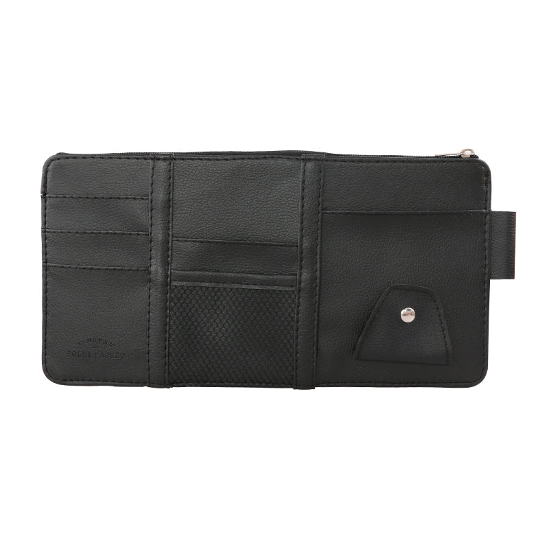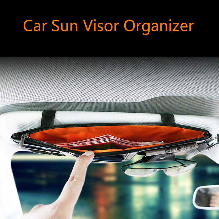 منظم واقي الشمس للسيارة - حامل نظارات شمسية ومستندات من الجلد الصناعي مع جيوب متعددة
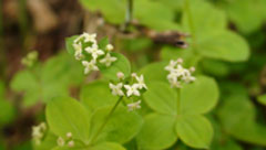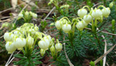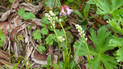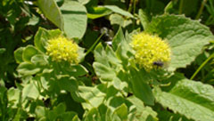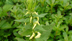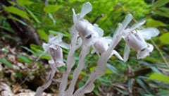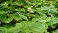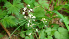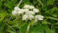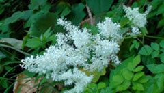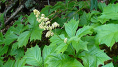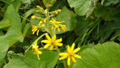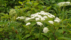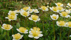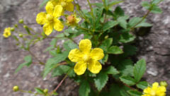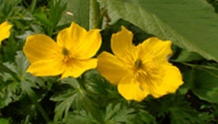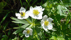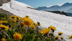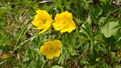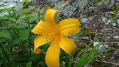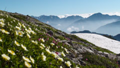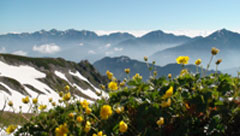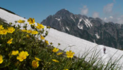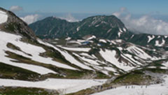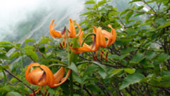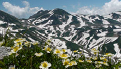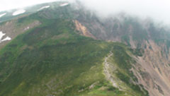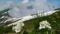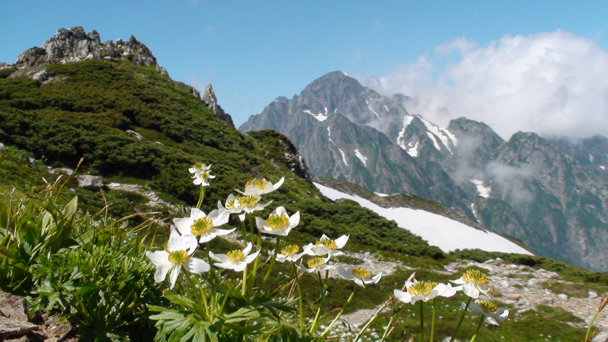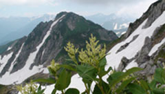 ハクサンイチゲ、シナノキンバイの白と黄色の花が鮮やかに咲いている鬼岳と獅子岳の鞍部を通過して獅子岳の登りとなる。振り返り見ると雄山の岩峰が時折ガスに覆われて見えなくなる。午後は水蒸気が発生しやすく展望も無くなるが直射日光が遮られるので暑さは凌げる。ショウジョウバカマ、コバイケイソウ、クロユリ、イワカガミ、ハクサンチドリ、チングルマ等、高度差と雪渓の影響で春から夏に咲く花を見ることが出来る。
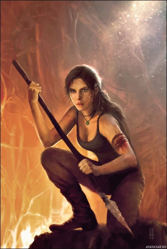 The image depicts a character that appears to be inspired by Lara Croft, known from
________________
WHAT IS REQUIRED:
The listing should be transcribed in full, exactly, and without its pictures.

TASK RESPONSE:
 منظم واقي الشمس للسيارة - حامل نظارات شمسية ومستندات من الجلد الصناعي مع جيوب متعددة
 ハクサンイチゲ、シナノキンバイの白と黄色の花が鮮やかに咲いている鬼岳と獅子岳の鞍部を通過して獅子岳の登りとなる。振り返り見ると雄山の岩峰が時折ガスに覆われて見えなくなる。午後は水蒸気が発生しやすく展望も無くなるが直射日光が遮られるので暑さは凌げる。ショウジョウバカマ、コバイケイソウ、クロユリ、イワカガミ、ハクサンチドリ、チングルマ等、高度差と雪渓の影響で春から夏に咲く花を見ることが出来る。
 The image depicts a character that appears to be inspired by Lara Croft, known from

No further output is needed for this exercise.